SEQanswers

Go Back   SEQanswers > Applications Forums > RNA Sequencing



Similar Threads
Thread Thread Starter Forum Replies Last Post
cufflinks-1.0.3 produces very high FPKM values when compared to cufflinks-0.9.3. Why? pinki999 Bioinformatics 5 06-09-2012 06:48 AM
Cufflinks cufflinks v1.0.3 - segmentation fault bias correction chrNT annotations adrian Bioinformatics 0 06-08-2011 01:28 PM

Reply
 
Thread Tools
Old 06-08-2012, 08:10 AM   #1
drdna
Member
 
Location: Kentucky

Join Date: May 2012
Posts: 45
Default Is cufflinks fundamentally flawed?

I have been running tophat/cufflinks/cuffdiff on fungal and human RNAseq data. Some of the FPKM values seemed high so I decided to look at the alignment files (accepted_hits.bam) to count numbers of reads hitting selected genes. I am unable to come up with anything near the values produced in the cuffdiff output. For example one cufflinks locus (XLOC) had a reported FPKM of 421 yet there were zero reads mapping in the corresponding genomic region.

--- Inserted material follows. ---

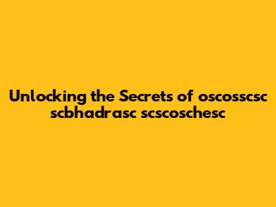 Unlocking The Secrets Of Oscosscsc Scbhadrasc Scscoschesc

A related issue is that some of the reported loci span genomic regions well beyond the borders of transcripts defined in the supplied .gtf file. However, inspection of the alignment file reveals no reads that support the extension of the transcript.

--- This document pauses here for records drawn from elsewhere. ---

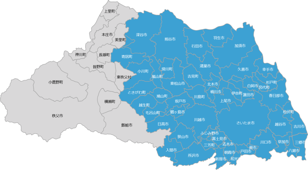 上尾市・朝霞市・伊奈町・入間市・小川町・桶川市・越生町・春日部市・加須市・川口市・川越市・川島町・北本市・行田市・久喜市・熊谷市・鴻巣市・越谷市・さいたま市・坂戸市・幸手市・狭山市・志木市・白岡市・杉戸町・草加市・鶴ヶ島市・ときがわ町・所沢市・戸田市・滑川町・新座市・蓮田市・鳩山町・羽生市・東松山市・日高市・深谷市・富士見市・ふじみ野市・松伏町・三郷市・宮代町・三芳町・毛呂山町・八潮市・吉川市・吉見町・寄居町・嵐山町・和光市・蕨市
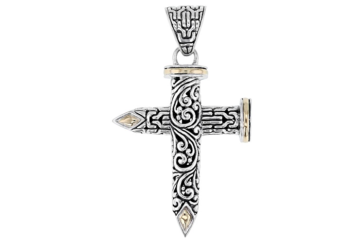 Artisan Collection of Bali™ Sterling Silver With 18K Gold Accent Nail Head Design Cross Pendant
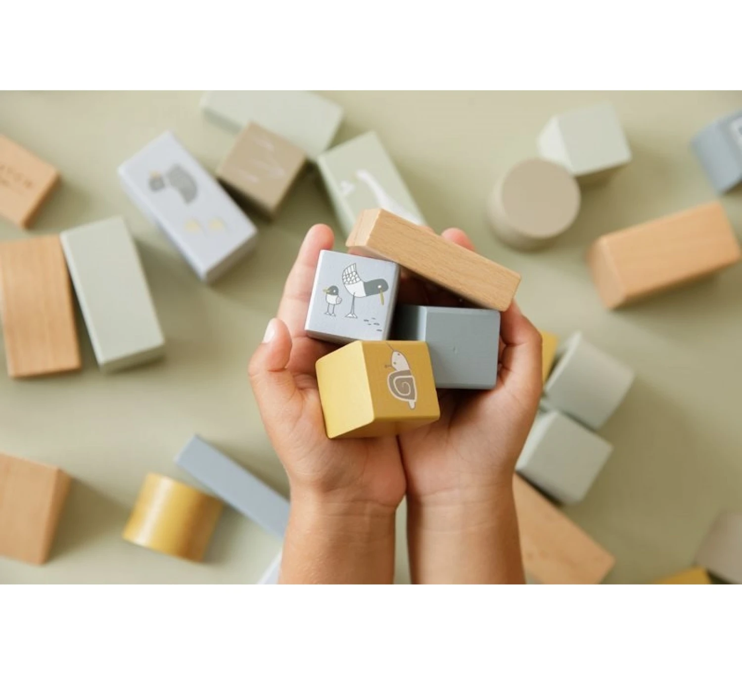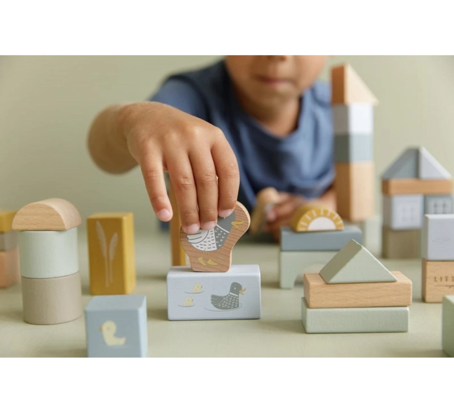 Deze houten blokken in ton zijn onmisbaar. In de ton zitten maar liefst 50 houten blokjes met mooie prints zoals Little Goose en zijn vriendjes op het platteland. Stapel de verschillende blokjes om de leukste figuren of torens te bouwen. De blokken staan garant voor heel veel bouwplezier en kunnen makkelijk opgeborgen worden in de ton!

Am I missing something here? Specifically, does cufflinks use information other than that contained in the accepted_hits.bam file to calculate FPKM and define its (XLOC) loci?
drdna is offline   Reply With Quote
Old 06-08-2012, 06:42 PM   #2
drdna
Member
 
Location: Kentucky

Join Date: May 2012
Posts: 45
Default

I'm currently following up on this by generating a control dataset containing known transcript abundances. Stay tuned...
drdna is offline   Reply With Quote
Old 06-09-2012, 11:33 AM   #3
drdna
Member
 
Location: Kentucky

Join Date: May 2012
Posts: 45
Default Cufflinks IS flawed

So, using artificially-generated control datasets, I find that cufflinks is flawed in two ways:

First, it's FPKM values are inflated. Problem is the magnitude of inflation varies from gene-to-gene - there is no consistency in the error.

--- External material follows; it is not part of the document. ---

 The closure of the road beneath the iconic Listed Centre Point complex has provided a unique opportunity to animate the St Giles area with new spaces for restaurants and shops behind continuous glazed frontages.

Second the "locus" interval defined in the cuffdiff output is often just plain wrong. In many instances, the reported "locus" frequently spans multiple transcripts and intergenic regions, even though the dataset contains reads from only one transcript. In other words, neither the .gtf file, nor the input sequence data support expansion of the "locus" to cover multiple genes.
drdna is offline   Reply With Quote
Old 06-09-2012, 08:04 PM   #4
Portah
Member
 
Location: Cincinnati

Join Date: Jan 2012
Posts: 12
Default

Hi, I've met almost the same problem in addition in gtf file for mm9 from UCSC annotation I have:

chr10 unknown exon 80640798 80640979 . + . gene_id "Eef2"; gene_name "Eef2"; p_id "P7224"; transcript_id "NM_007907"; tss_id "TSS5168";
chr10 unknown CDS 80641426 80641637 . + 2 gene_id "Eef2"; gene_name "Eef2"; p_id "P7224"; transcript_id "NM_007907"; tss_id "TSS5168";
chr10 unknown exon 80641426 80641637 . + . gene_id "Eef2"; gene_name "Eef2"; p_id "P7224"; transcript_id "NM_007907"; tss_id "TSS5168";
chr10 unknown exon 80641706 80641758 . + . gene_id "Snord37"; gene_name "Snord37"; transcript_id "NR_028549"; tss_id "TSS16143";
chr10 unknown CDS 80641826 80642004 . + 0 gene_id "Eef2"; gene_name "Eef2"; p_id "P7224"; transcript_id "NM_007907"; tss_id "TSS5168";
chr10 unknown exon 80641826 80642004 . + . gene_id "Eef2"; gene_name "Eef2"; p_id "P7224"; transcript_id "NM_007907"; tss_id "TSS5168";
chr10 unknown CDS 80642091 80642196 . + 1 gene_id "Eef2"; gene_name "Eef2"; p_id "P7224"; transcript_id "NM_007907"; tss_id "TSS5168";
chr10 unknown exon 80642091 80642196 . + . gene_id "Eef2"; gene_name "Eef2"; p_id "P7224"; transcript_id "NM_007907"; tss_id "TSS5168";
chr10 unknown CDS 80642289 80642541 . + 0 gene_id "Eef2"; gene_name "Eef2"; p_id "P7224"; transcript_id "NM_007907"; tss_id "TSS5168";

Snord37 gene inside Eef2 and length of the Snord37 gene is just 52 but in cuffdiff output I've got:
Snord37 Snord37 Snord37 chr10:80639375-80645254 Control IL33 OK 0 8173.79 1.79769e+308 1.79769e+308 0.0786496 0.428305 no

locus size is 5879. Also cufflinks found 8173.79 FPKM in bam file for the Snord37 but there just 2 reads.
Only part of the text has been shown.